Pelek jari-jari diklaim mampu meredam guncangan lebih baik, sehingga mampu membantu kinerja suspensi saat melewati jalan rusak. Banyaknya ruas-ruas jari yang menopang bobot membuat pelek ini lebih kuat melibas jalan tak rata. 

Pelek ini pun relatif mudah diperbaiki. Jadi tak heran, meski jadul tetap banyak digunakan di motor jenis trail, dual sport maupun adventure. Ya karena karakternya yang mampu meredam guncangan lebih baik.

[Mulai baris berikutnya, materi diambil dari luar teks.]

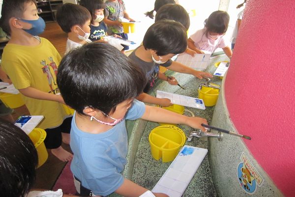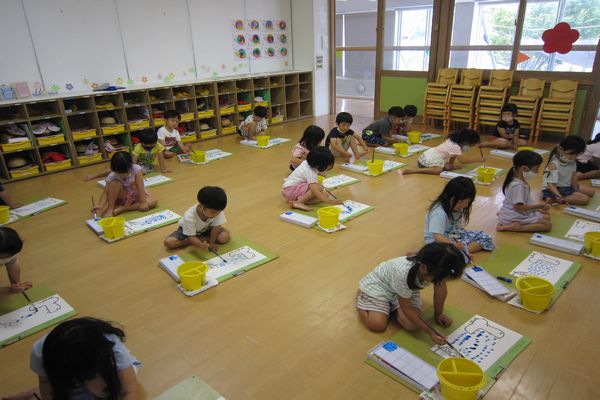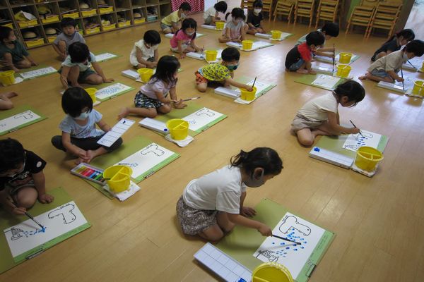 今日は、初めて自分の絵の具をつかってえのぐあそびをしました!

Sedangkan pelek palang punya rigiditas lebih baik ketimbang pelek jari-jari, pelek jenis ini juga menawarkan kemudahan penggantian ban, serta bisa pakai ban tubeless dan kemudahan membuatnya saat dipabrik.

Makanya pelek palang lebih banyak digunakan untuk motor berkecepatan tinggi maupun motor balap. Penggunaannya pun relatif lebih banyak di jalanan-jalanan dengan aspal mulus.

Perkembangan Pelek

Mengikuti jaman yang terus maju, pada akhirnya pelek jari-jari tak selalu klasik. Ada pabrikan yang memproduksi pelek jari-jari modern, yang sudah bisa pakai ban tubeless, dan tak kalah keren dari pelek palang, seperti rakitan Kineo.

Begitu pelek palang, bahan yang digunakan terus berkembang. Mulai dari cetakan besi biasa, lalu berbahan alumunium cor, hingga berbahan alumunium forged, seperti buatan Marchesini.